The Premier League is facing an injury spike like it’s never seen before. Muscle injuries are up almost 50 percent from last year and several prominent players have gone down with an injury, lowering the quality of play on the pitch. This weekend, it was Liverpool W Trent Alexander-Arnold, who tore his calf running back on defense.
Players are going down but the games are continuing.
The FA needs to come up with a solution fast for Premier League football to continue.
It would appear that there are two main reasons why muscle injuries have gone up heavily this season. The most obvious answer is a much more compact match schedule than in years past.
Last season didn’t end until July and as a result, the 2020-2021 campaign didn’t get going until mid-September. This really hurt the clubs playing in European competitions because now they are spending three months playing two games a week (one European, one EPL) instead of the normal one month period of multiple match days.
The strain on the top English clubs is noticeable. Sunday’s heavyweight bout between EPL giants Liverpool and Manchester City started off blazing in the first half, but quality significantly dipped after halftime. Both clubs looked tired, worn out, and overall not engaged.
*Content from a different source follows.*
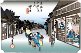 御油宿 本陣4脇本陣0旅籠62家数316人口1298[天保14年(1843)] 名前の由来は持統天皇が近くに来た時に油を献上したことからと伝わる。江戸時代の文献には五位、五井との記述もある。次の赤坂宿と16町(1.7km)しか離れていないため客引きも盛んで広重の絵の題材にもなっている。慶長6年(1601)宿場を定める朱印状は御油と赤坂が併記されており当初は2宿で1宿の扱いで後に独立した。明治に鉄道が敷設される際には御油・赤坂・藤川・岡崎・知立の旧5宿が反対したため海岸に沿って蒲郡を通る経路となり御油には戦火の災いもなく昔の町並が残っているが江戸時代の建物は少ない。宿場の資料、ジオラマなどが御油の松並木資料館に展示されている。 |

After the match, both teams’ managers had some choice words for the FA.
Jurgen Klopp said:
“The Premier League has to change… Do you want good football? Give the boys a few hours more rest.”
The other issue at hand is the Premier League’s reversal of the five-sub rule that was used for all of Project Restart last season. The FA elected to return to three subs this season and so far, that decision has been a poor one.
Right now, the only competition in Europe to not have five subs is the Premier League. Quite frankly, that makes absolutely no sense. With the scheduling of the season, it would make sense for more rotations to occur in order to keep player fitness high.
The FA apparently didn’t see it this way. Players need rest.
They shouldn’t be expected to play twice a week and in some cases, with less than 72 hours of rest. Muscle injuries occur from overuse. It is no secret that three subs instead of five has led to more injuries.
Players are fatigued and going down with more injuries than ever. The Premier League’s quality of play has decreased. The blame should only go to one place: The FA.
They need to listen to the managers, the players, and fans to figure out a way to keep this season on track. Thankfully, the FA has two weeks before the next Premier League fixture to make some changes.
Reform is needed.
It’s on the FA to keep this season on track and lessen the injuries that are keeping the game’s top players off the pitch.